Conversion et experience
Accessibilité web
L’accessibilité web désigne la capacité d’un site à être utilisé par tous, y compris par des personnes en situation de handicap : déficience visuelle, auditive, motrice ou cognitive.
Ce n’est pas une option de confort. C’est une obligation légale pour une partie des acteurs, et un ensemble de bonnes pratiques qui recoupe largement le référencement.
Ce que la loi impose
En France, le RGAA s’applique aux services publics, aux collectivités, et aux entreprises dépassant un certain chiffre d’affaires.
Trois obligations en découlent. Une déclaration d’accessibilité publiée sur le site. Un schéma pluriannuel de mise en conformité. Et un moyen de signaler un défaut.
Pour les entreprises hors périmètre, l’accessibilité reste une bonne pratique, avec une échéance qui se rapproche pour le commerce en ligne au titre de l’accessibilité des services numériques.
Ce qui recoupe le référencement
C’est le point qui rend le sujet rentable au-delà de l’obligation, et il est rarement présenté ainsi.
Les textes de remplacement des images.
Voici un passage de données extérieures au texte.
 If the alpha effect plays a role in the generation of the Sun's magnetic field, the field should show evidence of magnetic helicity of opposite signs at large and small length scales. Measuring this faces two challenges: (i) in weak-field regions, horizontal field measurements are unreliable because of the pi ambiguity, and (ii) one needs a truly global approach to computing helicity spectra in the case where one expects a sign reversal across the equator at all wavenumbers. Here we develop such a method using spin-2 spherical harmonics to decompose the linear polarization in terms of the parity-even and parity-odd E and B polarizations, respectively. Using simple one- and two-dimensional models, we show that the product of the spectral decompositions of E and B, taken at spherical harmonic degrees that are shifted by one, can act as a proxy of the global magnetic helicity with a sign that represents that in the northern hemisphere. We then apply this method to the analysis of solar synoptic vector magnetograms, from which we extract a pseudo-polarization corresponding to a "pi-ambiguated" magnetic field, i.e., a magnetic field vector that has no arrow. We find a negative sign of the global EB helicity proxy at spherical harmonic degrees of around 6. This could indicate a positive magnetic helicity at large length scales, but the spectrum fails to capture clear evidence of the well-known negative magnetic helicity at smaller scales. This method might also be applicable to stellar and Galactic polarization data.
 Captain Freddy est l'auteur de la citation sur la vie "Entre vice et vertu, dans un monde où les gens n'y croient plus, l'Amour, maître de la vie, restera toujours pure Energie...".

Ils servent le lecteur d’écran et constituent la seule description qu’un moteur reçoit d’une image. Le sujet est traité côté balise alt.
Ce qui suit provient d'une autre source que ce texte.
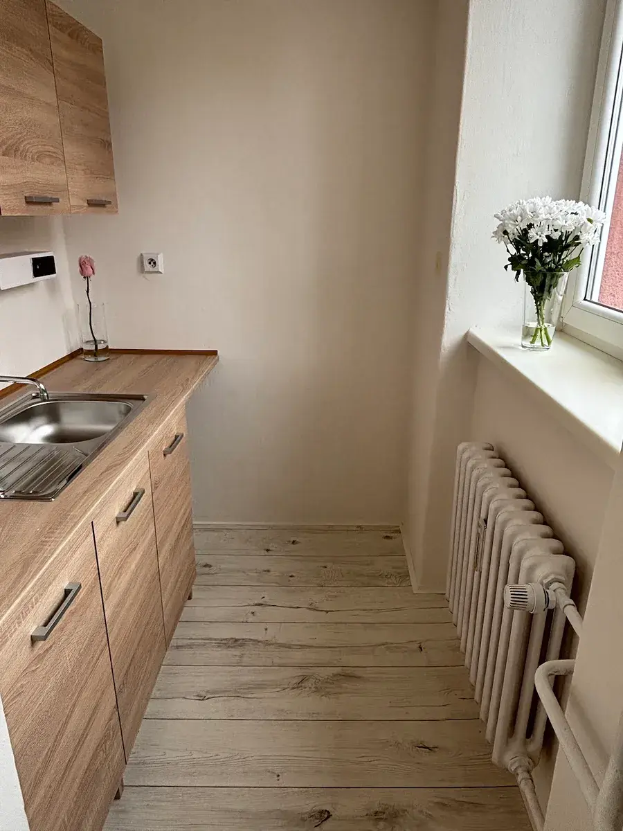 Pronájem bytu 1+kk na ulici Bruzovská ve Frýdku. Byt o výměře 25 m2 se nachází v prvním patře třípatrového zděného domu po částečných úpravách: má plastová okna, nový vchod a domovní rozvody vody a odpadů v plastu. V bytě je nová kuchyňská linka. Jádro je zděné, koupelna se sprchovací vaničkou je společná s toaletou. Místo pro pračku je v koupelně. Podlahy - lino. Ohřev vody a vytápění jsou dálkově.
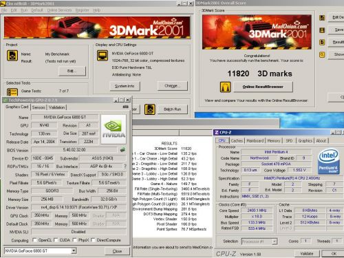 Gyors próba, műkszik a 6800GT + a 2x512 Corsair. A SIS- es, kissé gyenge lapban futtatva :
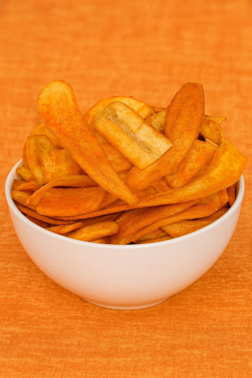 Crispy Masala Banana Wafer – thinly sliced banana chips, fried to perfection and coated with a spicy masala blend for a tangy, crunchy treat.

La hiérarchie des titres. Une personne utilisant un lecteur d’écran navigue de titre en titre. Google lit la même structure pour comprendre le plan. Une hiérarchie fausse gêne les deux, comme expliqué côté balises Hn.
Les intitulés de liens. « Cliquez ici » ne dit rien à un lecteur d’écran ni à un moteur. Un intitulé descriptif sert les deux.
La structure sémantique. Utiliser les éléments HTML pour ce qu’ils sont plutôt que pour leur apparence aide l’assistance technique et la compréhension automatique.
Les contrastes et la taille de texte, qui améliorent la lisibilité pour tous et réduisent le rebond.
Ce qui ne recoupe pas
Une partie du travail d’accessibilité n’a aucun effet de référencement : navigation au clavier, gestion du focus, sous-titrage des vidéos, compatibilité avec les technologies d’assistance.
Cette partie se justifie par elle-même, et il serait malhonnête de la vendre comme du référencement.
Par où commencer
Trois contrôles produisent l’essentiel du gain initial.
Les images sans texte de remplacement, listées par un crawl du site.
La hiérarchie des titres, vérifiable en extrayant tous les titres d’une page et en les lisant à la suite.
La navigation au clavier, testable en parcourant une page sans souris.
Ces trois-là relèvent du volet technique d’un audit SEO pour deux d’entre eux, et d’un audit d’accessibilité pour le troisième.